I can see Canada from here…

I met my husband in the lovely city of Pittsburgh and assumed that he was a city boy. I grew up in New York City so city folk were all I knew.  Little did I know that my husband was really a country boy – a fishing, hunting, camping, growing his own food type of country boy.  When he brought me to his hometown of Erie, PA, I found out the depths of his country roots. 

Actually, I love going back to my husband’s hometown and visiting his parents.  Each visit brings new insights into why my honey is the way he is and why I love him – because of or despite of – these revelations. 
On this visit, I was able to run the trail on Presque Isle – a beautiful paved path along Lake Erie.

This was actually my first time running this trail. Usually we are visiting his parents during the holidays and winters in Erie are prettt cold and snowy – not my ideal running weather. 

I was amazed by the views on this trail. While that actually isn’t Canada across the water (it’s Erie), it did make me think of the differences between Canada and the US (check out this link for an opinion why). Especially since the last election, my view of the US as the “best nation in the world” has done a 180. As I am running along this beautiful trail, all I can think about as I look at the faces of people I am passing, is how many of these people voted for Trump. 
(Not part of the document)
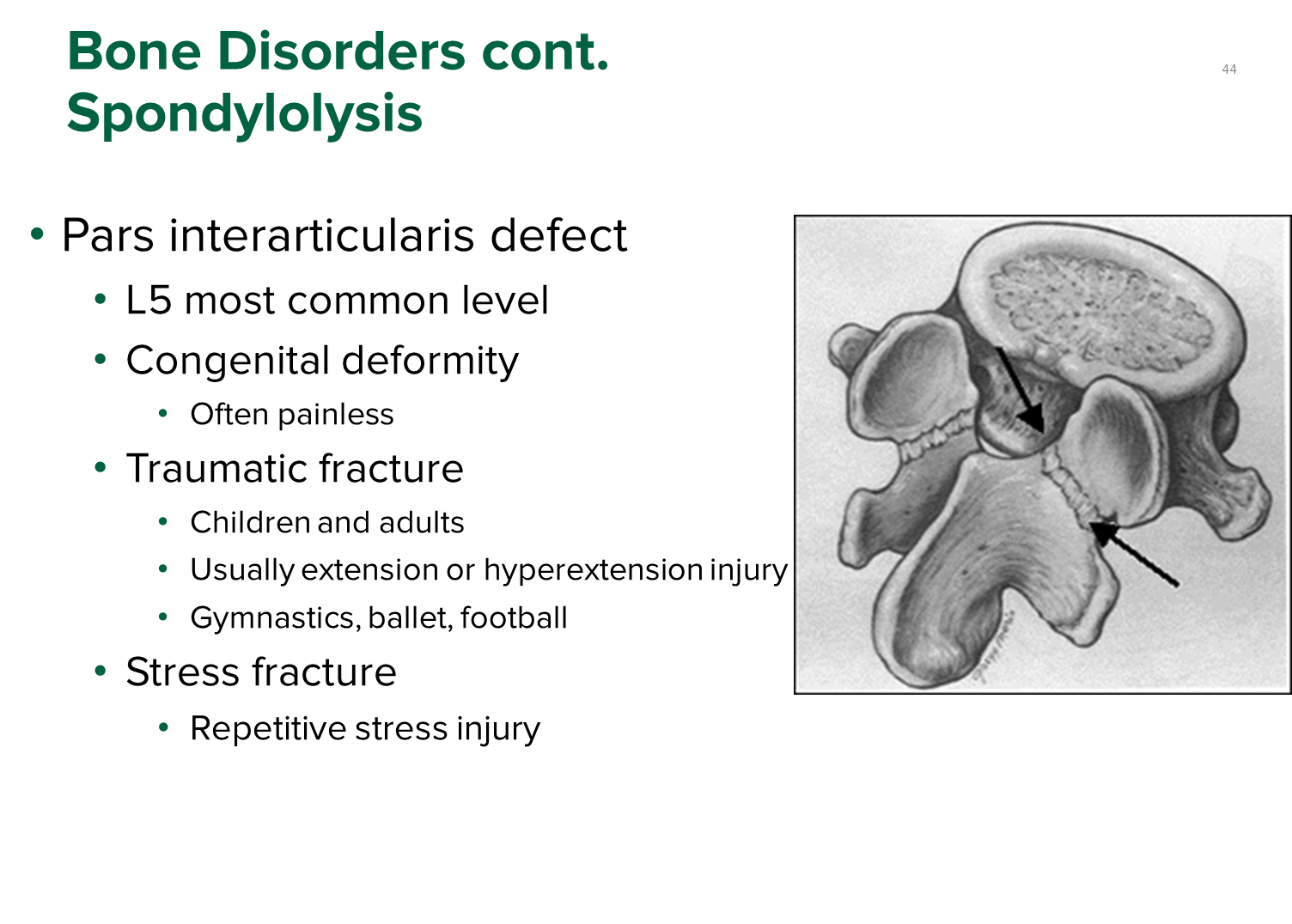 Spondylolysis is a stress fracture in the pars interarticularis of the vertebrae, or the bony bridge connecting the superior and inferior articular processes

This thought made me both angry and afraid. I stopped smiling and making eye contact with the people going in the other direction. Most of them were older white people, a few were middle aged white people, some with kids. None of them threatened me in any obvious way – none wore MAGA hats or swastikas – but I did get stares and non-smiling faces. As if people were wondering what an Asian woman was doing running along Lake Erie. 

The experience of “otherness” is one I have been more acutely aware of in the past months. As a runner, I liked to think that other runners, other health minded people, were open minded in the same way that I was. However, I’ve learned the hard way that this way of thinking about runners and others in the health community is not always true. 
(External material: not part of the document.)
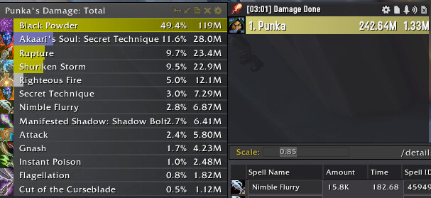 SBA vs ME 5 cleave dummys, 3 minutes ilvl 628.

This realization sunk in deep during this run.  At least the beautiful scenery was a buoy to my sinking spirit. 

Sola 

My recent post about my self-professed “fish love of running” has stayed in my mind since I posted it. If you know me IRL, you know that I am not a natural runner. I only started running when I was 30 so it’s been only about 13 years since I laced up my first pair of running shoes.

This week, I did a couple of quick miles while my girls were at their horse back riding lesson (yes, I am living vicariously through them – what little girl didn’t go through a horse obsession?).

The spirit of grace and speed…oh yes, and there are horses in the picture too! 🤣

It was my first sola run in a long time, probably almost a year since we moved to our new locale. As much as I love running with my group #MRTT, having this time for myself was something I didn’t realize I was missing.

When I first started running, I ran exclusively alone. I was worried about being slow and didn’t want anyone witnessing my walking or jiggly body parts. As I was able to run farther and faster and became more confident, I joined my local running group and realized the awesomeness that is the group run. Now, I usually always run with my MRTT group and do stuff like this:

#sportsbrasquad #mrttbodsquad

Running has definitely given me the gift of confidence not just in my body but in mind and spirit.

And that’s something I really need right now.

As lovely as the farmland surrounding me during this run, I couldn’t help but think of the people living in the area who might not welcome me running through, who would think of me as “other” and attribute any number of negative qualities based on my skin and facial features. Would they even see me as “just” a runner? I couldn’t decide whether I should try to run faster for safety or run slower to prove that I, too, deserve to be here.

As my footsteps found their rhythm, my breathing became my focus and I was finally able to enjoy my run. This is the second best gift I have received from running: the ability to have a few moments of freedom.